GengDavid/pytorch-cpn

about the train.py file line:119

gag1223 opened this issue · 7 comments

for global_output, label in zip(global_outputs, targets):
num_points = global_output.size()[1]
global_label = label * (valid > 1.1).type(torch.FloatTensor).view(-1, num_points, 1, 1)
global_loss = criterion1(global_output,
torch.autograd.Variable(global_label.cuda(async=True))) / 2.0
loss += global_loss
global_loss_record += global_loss.data.item()
上面的代码是不是有错误:
global_outputs should be reversed?

Thanks for your attention! Yep, the global_outputs should be reversed to match the label maps. Sorry for the mistake.
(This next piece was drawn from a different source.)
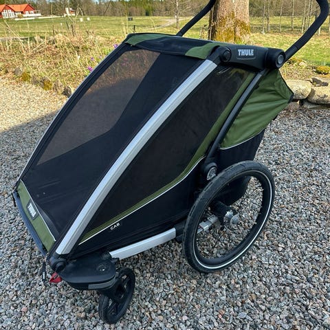 Thule Cheetah xt2 multisportvagn för två barn, vilken kan användas som både cykelvagn och barnvagn. Smidig och lätt att hantera, köra och cykla med. Sparsamt använd och i fint skick, med lite brukssmutsfläckar och en liten reva på fönsterplasten som enda ”skavanker” (se bild).
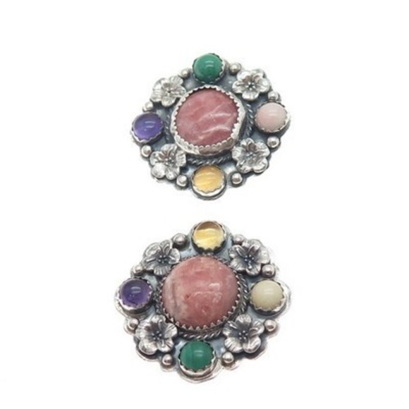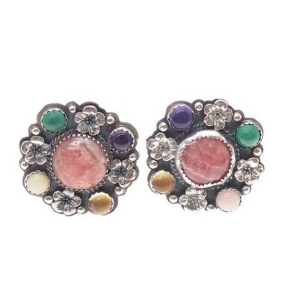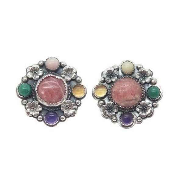 Great vintage condition.Condition: Pre-owned Brand: Silver Cloud Shape: Flower Theme: Dangle/Drop","Art Main stone: Rhodochrosite Main stone color: Pink Main stone creation: Natural Occasion: Anniversary","Birthday","Christmas Secondary stone: Amethyst","Citrine","Malachite","Quartz Type: Earrings Vintage: YesWeight: 21.5grWELCOME TO PAWN SHOP CITYWe have been in the jewelry business for over 30 years. Since 1990, our establishment has been serving a variety of clients by providing them with beautiful pre-owned, vintage and antique pieces.Acknowledging that today′s customers are very sophisticated and are looking for top quality goods, our acquisitions are hand-picked for our special clientele. We do offer the most interesting items along with affordable prices.We do not disturb our vintage jewelry to keep its original patina, leaving it to your discretion. Depending on your own taste, you can either polish it or keep it in the original condition.We are committed to making every customer feel supported! Feel free to ask any questions which may come to mind while shopping with us.THANK YOU FOR VISITING PAWN SHOP CITYA348611

It seems that we need to fine-tune the pre-trained model again.

@mingloo @GengDavid Why global_outputs should be reversed? I think the feature map of low resolution should calculate loss with the heat map of ground truth which has large sigma.(such as label15 and the feature map of lowest resolution)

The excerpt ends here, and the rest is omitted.